Living in Dublin, considered by some as the technology capital of Europe, will allow her to explore the burgeoning field of e-democracy, according to the press release.

Mehrotra will study Political Communication at Dublin City University.

Neelesh Mupparapu, a resident of Reisterstown, Maryland, is a recent graduate from the University of Maryland, College Park, where he studied Biomedical Engineering.

Mupparapu is a Banneker/Key Scholarship recipient interested in pursuing medicine with an emphasis on equity and social advocacy.

Through Gemstone, he and his team conducted a research thesis on using deep learning and artificial intelligence to improve diagnosis of mental disorders, and bioethics research to discern racial inequities, for which they won the outstanding thesis award.

He is currently pursuing a post-baccalaureate program at NIH/NIA to extend his Bioengineering undergraduate honors thesis.

His interests include studying neglected, rare disorders as well as cardiovascular disease.  Mupparapu won multiple awards for his work developing low-cost medical devices, including a neonatal glucose fiber-optic biosensor, which he presented at the Intel-Regeneron International Fair.

He is also a co-founder of the Brain Exercise initiative chapter at UMD and organized a volunteer program with Maryland Senior Citizen Homes.

Mupparapu will study for a Masters in Public Health at University College Cork.

Zoha Siddiqui, a resident of McLean, Virginia, is a senior at William & Mary, where she studies International Relations and Transitional Justice, the process by which states redress mass violence.

She became interested in the 1947 partition between India and Pakistan and how witnesses to partition, including her own grandparents and great grandparents, dealt with the grief, trauma, and tumult of that time.

She is interested in the Good Friday Agreement that was signed with the involvement of George Mitchell, and succeeded in ending decades of sectarian violence in Ireland, but left questions of criminal justice for human rights violations committed during the Troubles unaddressed.

As Co-Director of the Exodus Project, Siddiqui studied challenges faced by vulnerable groups in displacement crises.
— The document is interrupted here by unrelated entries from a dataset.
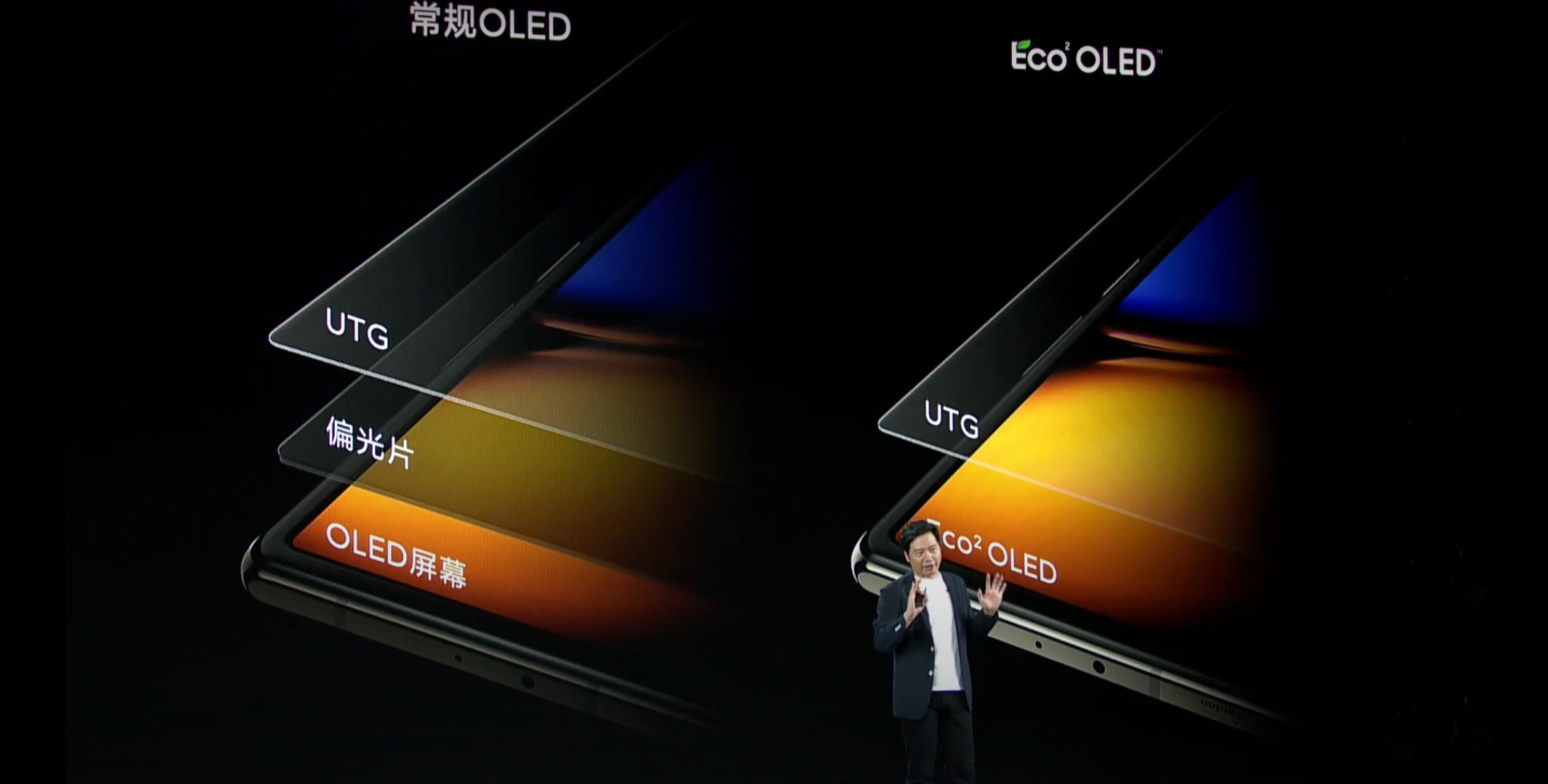 Внутренний дисплей Eco2 OLED Xiaomi Mix Fold 2 диагональю 8,02 дюйма и разрешением 2К. Смысл технологии Eco2 OLED заключается в упразднении одного слоя, за счет чего увеличивается яркость и улучшается цветопередача. Дисплей производится по технологии LTPO и поддерживает автоматическую регулировку кадровой частоты в широком диапазоне от 1 до 120 Гц. Защиту обеспечивает ультратонкое защитное стекло нового поколения с толщиной 0,03 мм.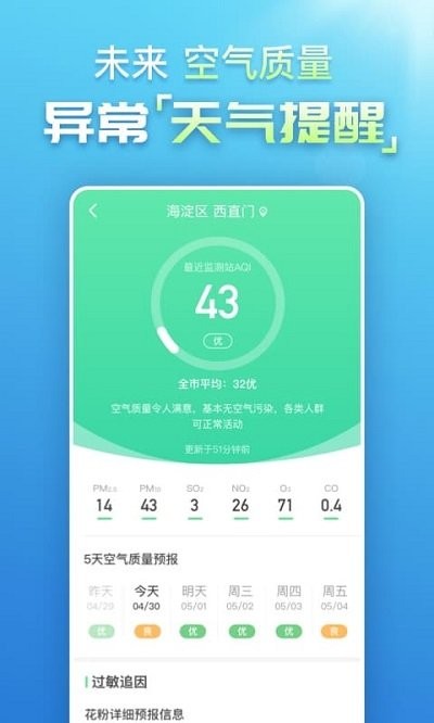 非常好用的天气预报软件,还可以针对各种气象灾害进行及时的气象预警,降雨趋势实时预报,生活指数助你轻松掌握穿衣出行情况,会及时的提醒用户查看,让用户能够快速的做好防范工作,不让异常天气影响到您的正常生活。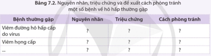 Tìm hiểu thông tin và hoàn thành bảng 7.2.

Her work resulted in policy recommendations presented to USAID and other organizations to improve the quality of life for Venezuelan migrant communities in Colombia.

She is also the Co-Founder and Co-Director of HER, a non-profit organization, that has led to the creation of 13 libraries in  rural and urban areas of Pakistan and Morocco.

Siddiqui has co-authored several articles, including for Foreign Policy, on the role of international justice institutions in the ongoing war in Ukraine.

Siddiqui will study Conflict Transformation and Social Justice at Queen’s University Belfast.